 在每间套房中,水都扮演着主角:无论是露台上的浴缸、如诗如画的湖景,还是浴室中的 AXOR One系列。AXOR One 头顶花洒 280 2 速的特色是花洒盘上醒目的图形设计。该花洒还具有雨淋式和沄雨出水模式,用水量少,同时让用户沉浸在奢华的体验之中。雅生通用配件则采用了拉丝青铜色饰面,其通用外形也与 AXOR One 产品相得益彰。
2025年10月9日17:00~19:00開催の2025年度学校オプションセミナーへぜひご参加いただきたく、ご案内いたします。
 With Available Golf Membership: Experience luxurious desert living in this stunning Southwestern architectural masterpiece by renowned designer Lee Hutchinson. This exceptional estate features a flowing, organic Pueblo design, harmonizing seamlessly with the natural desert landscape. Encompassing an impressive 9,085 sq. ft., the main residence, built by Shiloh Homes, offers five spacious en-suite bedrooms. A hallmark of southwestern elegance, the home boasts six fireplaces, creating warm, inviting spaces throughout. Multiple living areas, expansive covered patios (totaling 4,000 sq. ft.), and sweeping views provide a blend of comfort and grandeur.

==

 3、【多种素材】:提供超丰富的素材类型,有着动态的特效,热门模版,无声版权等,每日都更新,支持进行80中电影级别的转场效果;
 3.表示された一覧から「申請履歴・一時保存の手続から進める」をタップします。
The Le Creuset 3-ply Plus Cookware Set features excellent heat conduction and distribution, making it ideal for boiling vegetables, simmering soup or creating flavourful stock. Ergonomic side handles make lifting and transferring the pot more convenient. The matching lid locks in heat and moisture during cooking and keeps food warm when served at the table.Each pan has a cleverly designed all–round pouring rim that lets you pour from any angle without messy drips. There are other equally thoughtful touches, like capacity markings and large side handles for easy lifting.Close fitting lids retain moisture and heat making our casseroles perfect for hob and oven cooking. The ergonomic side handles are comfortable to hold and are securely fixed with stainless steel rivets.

--

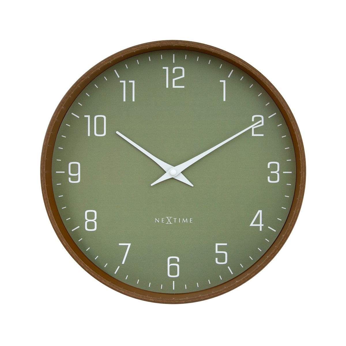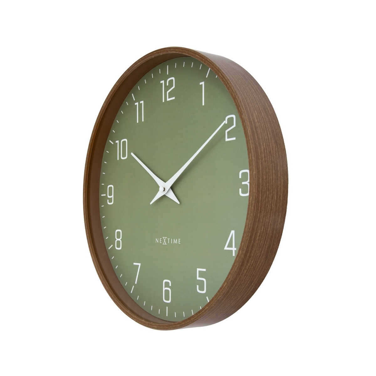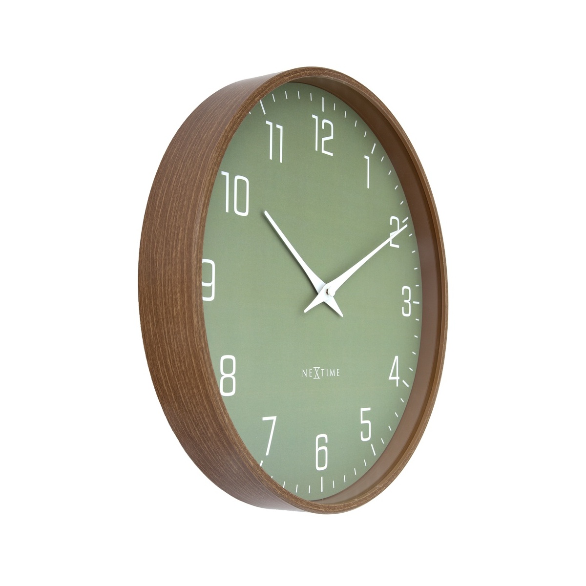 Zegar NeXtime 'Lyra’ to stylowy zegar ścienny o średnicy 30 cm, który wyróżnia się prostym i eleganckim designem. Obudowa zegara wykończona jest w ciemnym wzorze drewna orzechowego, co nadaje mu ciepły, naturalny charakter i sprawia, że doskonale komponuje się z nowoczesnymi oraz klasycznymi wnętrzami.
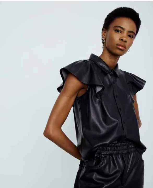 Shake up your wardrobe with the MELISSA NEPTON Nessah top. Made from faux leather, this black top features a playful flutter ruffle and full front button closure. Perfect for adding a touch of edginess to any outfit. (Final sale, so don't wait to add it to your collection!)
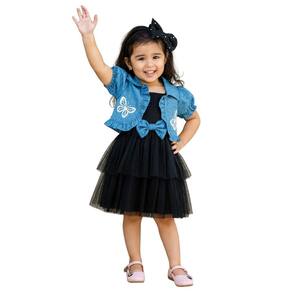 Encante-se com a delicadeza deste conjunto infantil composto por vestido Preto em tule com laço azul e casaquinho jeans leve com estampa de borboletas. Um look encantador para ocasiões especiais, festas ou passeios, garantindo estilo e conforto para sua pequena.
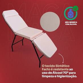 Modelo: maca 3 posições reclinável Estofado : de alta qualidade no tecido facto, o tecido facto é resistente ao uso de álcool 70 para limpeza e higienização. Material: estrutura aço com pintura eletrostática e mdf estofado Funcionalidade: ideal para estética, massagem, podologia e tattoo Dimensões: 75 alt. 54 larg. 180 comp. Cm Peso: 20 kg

> [Task directions]: Output exactly the lines above that lie between the line with "Shake up your" and the line with "Encante-se com a", those two lines included, and no pictures.

> [Written answer]:
 Shake up your wardrobe with the MELISSA NEPTON Nessah top. Made from faux leather, this black top features a playful flutter ruffle and full front button closure. Perfect for adding a touch of edginess to any outfit. (Final sale, so don't wait to add it to your collection!)
 Encante-se com a delicadeza deste conjunto infantil composto por vestido Preto em tule com laço azul e casaquinho jeans leve com estampa de borboletas. Um look encantador para ocasiões especiais, festas ou passeios, garantindo estilo e conforto para sua pequena.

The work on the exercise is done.